Abstract:
In this work we introduce a graph theoretical method to
compare MEPs, which is independent of molecular
alignment. It is based on the edit distance of weighted rooted
trees, which encode the geometrical and
topological information of Negative Molecular Isopotential
Surfaces. A meaningful chemical classification
of a set of 46 molecules with different functional groups was
achieved. Structure-activity relationships for
the corticosteroid binding affinity (CBG) of 31 steroids by
means of hierarchical clustering resulted in a
clear partitioning in high, intermediate, and low activity
groups, whereas the results from quantitative
structure-activity relationships, obtained from a partial
least-squares analysis, showed comparable or better
cross-validated correlation coefficients than the ones
reported for previous methods based solely in the
MEP.
Characterization of Activity Landscapes Using
2D and 3D Similarity Methods: Consensus Activity Cliffs
J.
Chem. Inf. Model. 2009, 49, 2, 477-491
Jose L. Medina-Franco, Karina Martínez-Mayorga, Andreas
Bender, Ray M. Marín, Marc A. Giulianotti, Clemencia
Pinilla, Richard A. Houghten
Abstract:
Activity landscape characterization has been demonstrated to
be a valuable tool in lead optimization, virtual screening,
and computational modeling of active compounds. In this work,
we present a general protocol to explore systematically the
activity landscape of a lead series using 11 2D and 3D
structural representations. As a test case we employed a set
of 48 bicyclic guanidines (BCGs) with κ-opioid receptor
binding affinity, identified in our group. MACCS keys,
graph-based three point pharmacophores, circular fingerprints,
ROCS shape descriptors, and the TARIS approach, that compares
structures based on molecular electrostatic potentials, were
employed as orthogonal descriptors. Based on ‘activity cliffs’
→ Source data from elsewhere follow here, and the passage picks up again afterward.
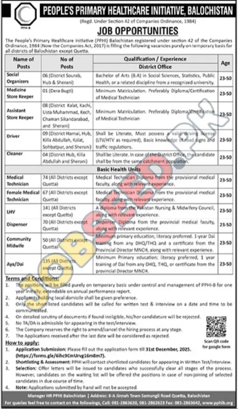 Peoples Primary Healthcare Initiative, Quetta Balochistan Pakistan invites applications from eligible candidates for the post of Social Organizers, Medicine Store Keeper, Assistant Store Keeper, Driver, Cleaner, Medical Technician, Female Medical Technician, LHV, Dispenser, Community Midwife and Aya/Dai as per advertisement of 16 December, 2025, published in Jang Newspaper. BA, Matric, Literate, Diploma, Primary educational qualification will be preferred.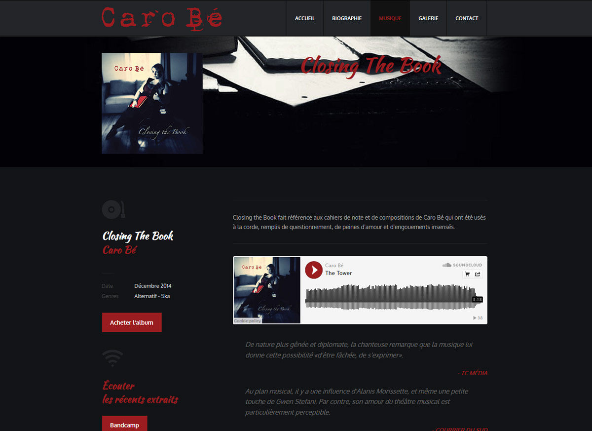 Un site Web pour une jeune auteure-compositrice-interprète.
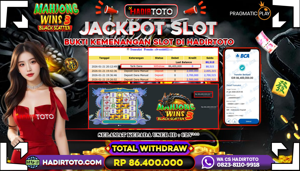꧁༒☬👑HADIRTOTO👑☬༒꧂ Jackpot 🐋 SLOT MAHJONG WINS 3 - BLACK SCATTER ~ RP.86.400.000.,- LUNAS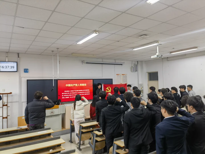 随后,党员大会充分讨论并审议预备党员转正事宜,全体党员重温入党誓词。裴玲杰强调,转为正式党员是政治生命的新起点,要深入学习贯彻党的理论知识,坚持以习近平新时代中国特色社会主义思想为指导,切实强化责任担当,主动服务同学,以实际行动践行党的根本宗旨,充分发挥党员先锋模范作用。

common to a series of descriptors, we introduce the concept of
consensus activity cliffs. Results for the current test case
suggest that the presence or absence of a methoxybenzyl group
may lead to different modes of binding for the active BCGs
with the κ-opioid receptor. The most active compound (IC50 =
37 nM) is involved in a number of consensus cliffs making it a
more challenge query for future virtual screening than would
be expected from affinity alone. Results also reveal the
importance of screening high density combinatorial libraries,
especially in the “cliff-rich” regions of activity landscapes.
The protocol presented here can be applied to other data sets
to develop a consensus model of the activity landscape.
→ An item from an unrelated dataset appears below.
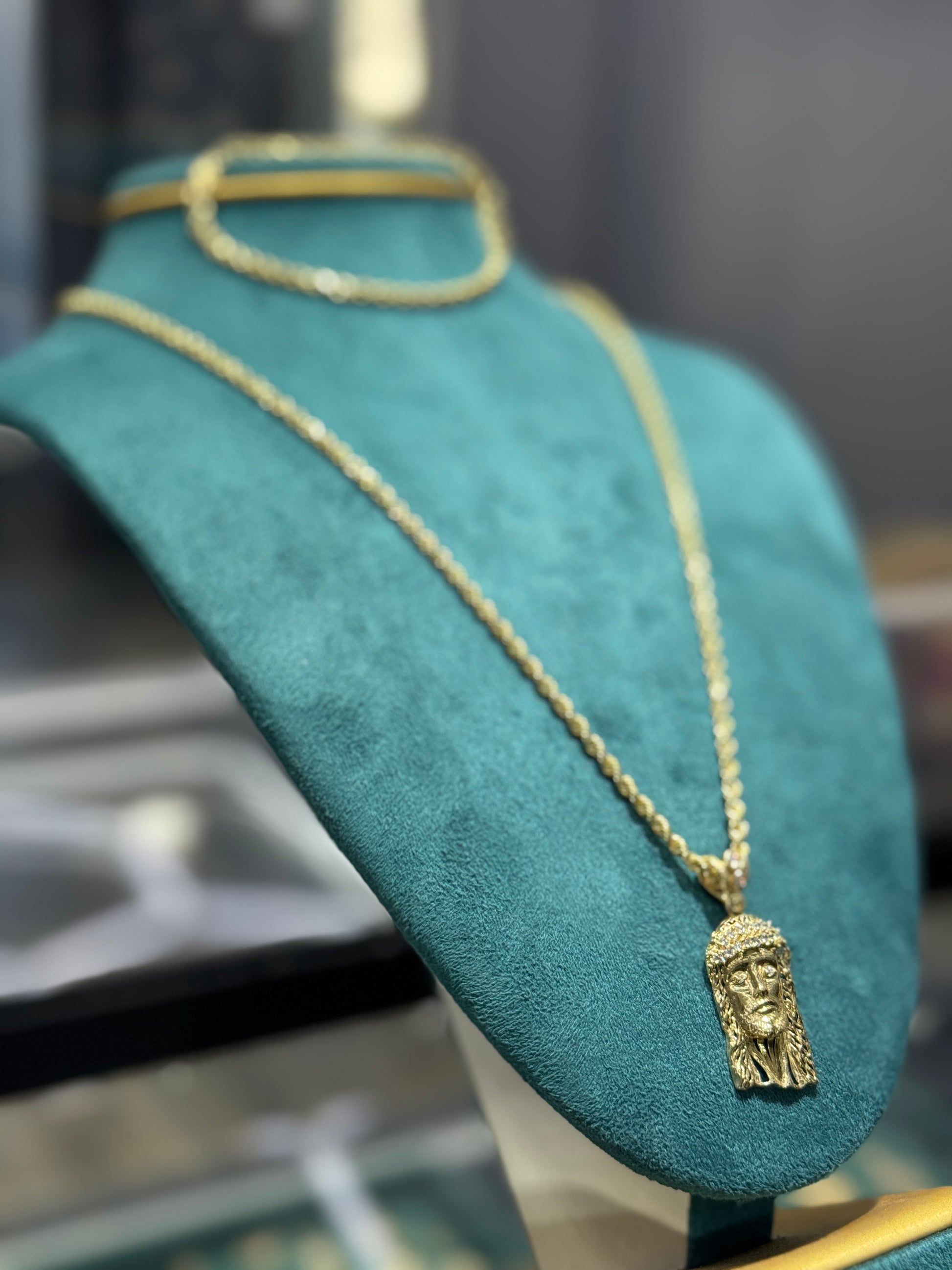 📿 Includes rope chain, rope bracelet, and Jesus face pendant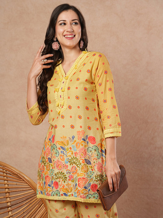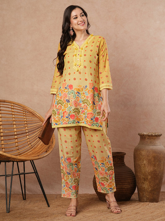 Floral Schiffli Embroidered Straight Fit Co-ord Set...

Parallel Computing System for the efficient
calculation of molecular similarity based on
negative electrostatic potential
Raul E. Torres
Master's
Thesis, Universidad Nacional de Colombia
Abstract:
This document proposes an alternative method for
the comparison of molecular electrostatic potential (MEP),
based on parallel computing algorithms on graphics cards using
NVIDIA CUDA platform and kernel methods for pattern
recognition. The proposed solution optimizes the construction
process of a particular representation of MEP, presents
options for improving this representation, and offers 11
kernel functions for comparison process. Experimental
evaluation using cluster analysis shows good results on a set
of 73 molecules from classic chemistry functional groups,
finding relationships of acidity and basicity using edit
distance and detecting presence of oxygen, nitrogen and
functional groups (C=O or C-O) when kernel functions are used.